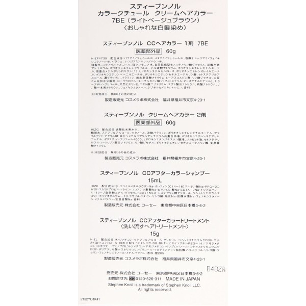 스티브 놀 컬러 쿠튀르 크림 헤어 컬러 7BE 라이트 베이지 브라운 코세 > 백발용 크림
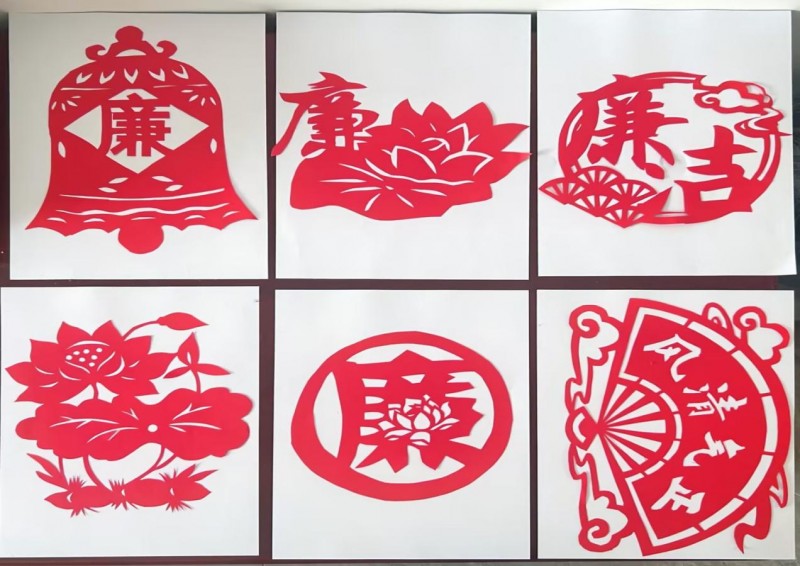 活动中,党员教师谭宗国带领大家进行剪纸创作,党员教师们按照各自喜好选择了跟廉洁相关的剪纸花样,大家一起剪“廉”字、刻“莲”花,以巧手细剪,互相分享心得。经过大家的精细雕琢,一幅幅立意深远的廉洁剪纸作品呈现在眼前。
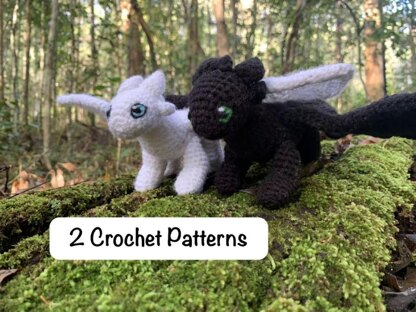 This is an amigurumi pattern that includes the instructions for creating two dragons: one for the Night F and one for the Light F. This is an intermediate to advanced pattern. While all steps are clearly explained, the design includes some advanced stitches and techniques that are essential to its completion, which could be challenging for less experienced crocheters.
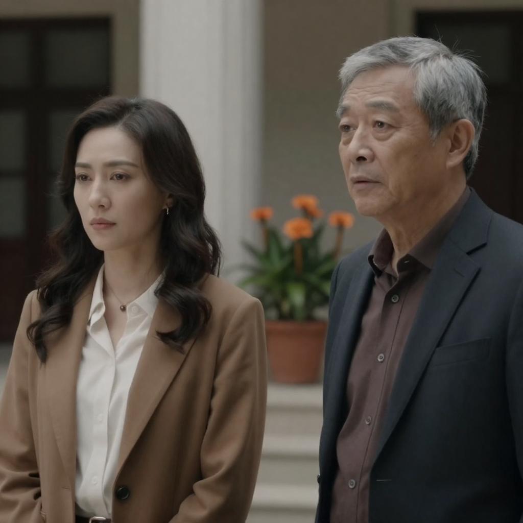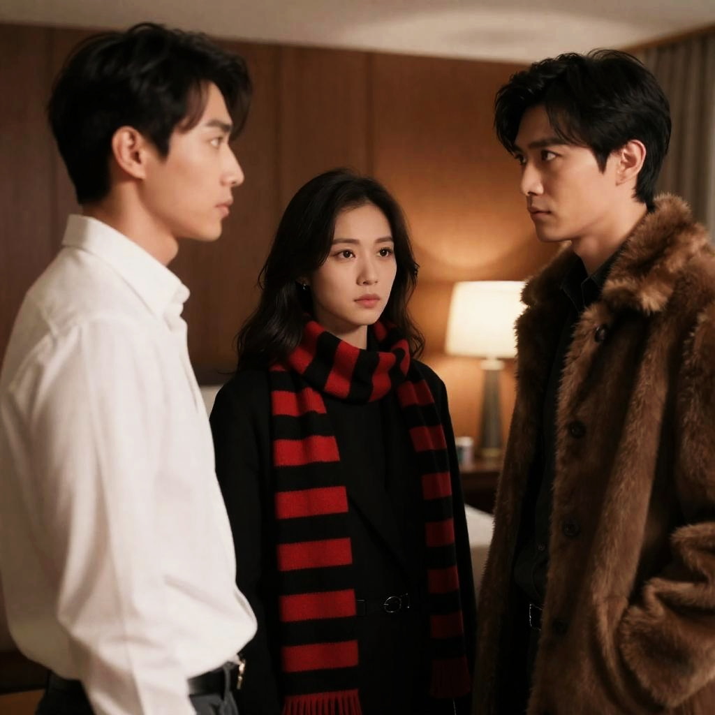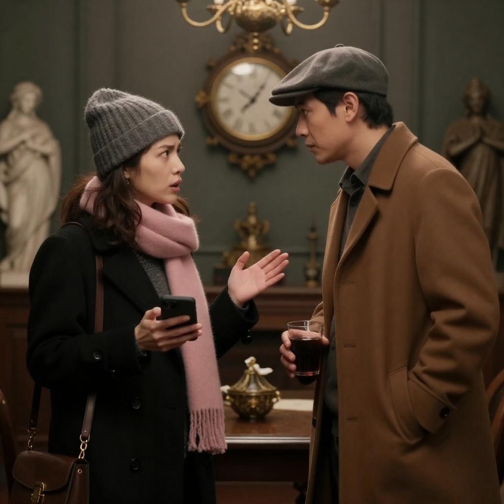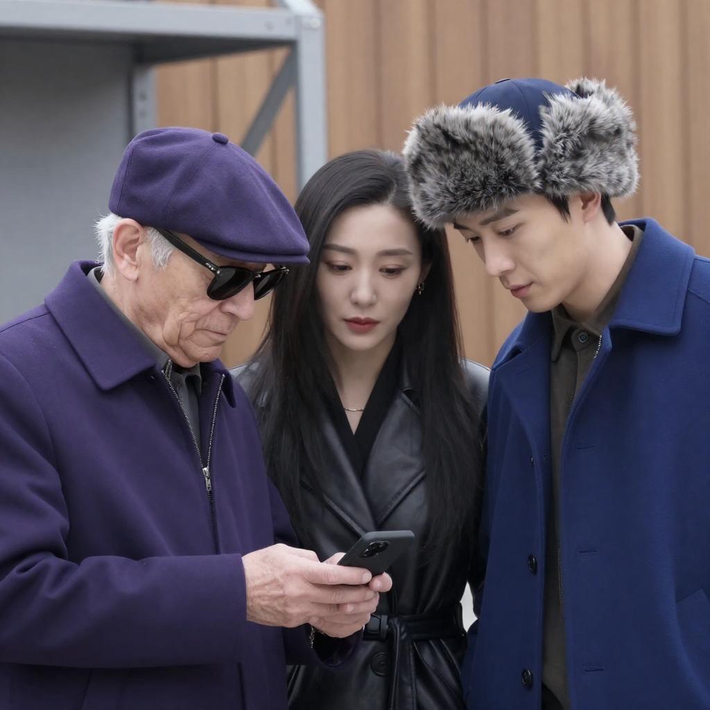 Photograph of three people outdoors. Elder man with purple flat cap, dark sunglasses, and purple coat examines phone. Middle woman with black leather coat and long black hair looks down. Young man with grey fur hat and blue coat leans close. Background has metal structure and wooden wall. All have neutral expressions.

**YOUR ASSIGNMENT**
Repeat each line of the listing word for word, from the first through the line that contains "活动中,党员教师谭宗国带领大". Any picture stays out.

**TASK RESPONSE**
 스티브 놀 컬러 쿠튀르 크림 헤어 컬러 7BE 라이트 베이지 브라운 코세 > 백발용 크림
 活动中,党员教师谭宗国带领大家进行剪纸创作,党员教师们按照各自喜好选择了跟廉洁相关的剪纸花样,大家一起剪“廉”字、刻“莲”花,以巧手细剪,互相分享心得。经过大家的精细雕琢,一幅幅立意深远的廉洁剪纸作品呈现在眼前。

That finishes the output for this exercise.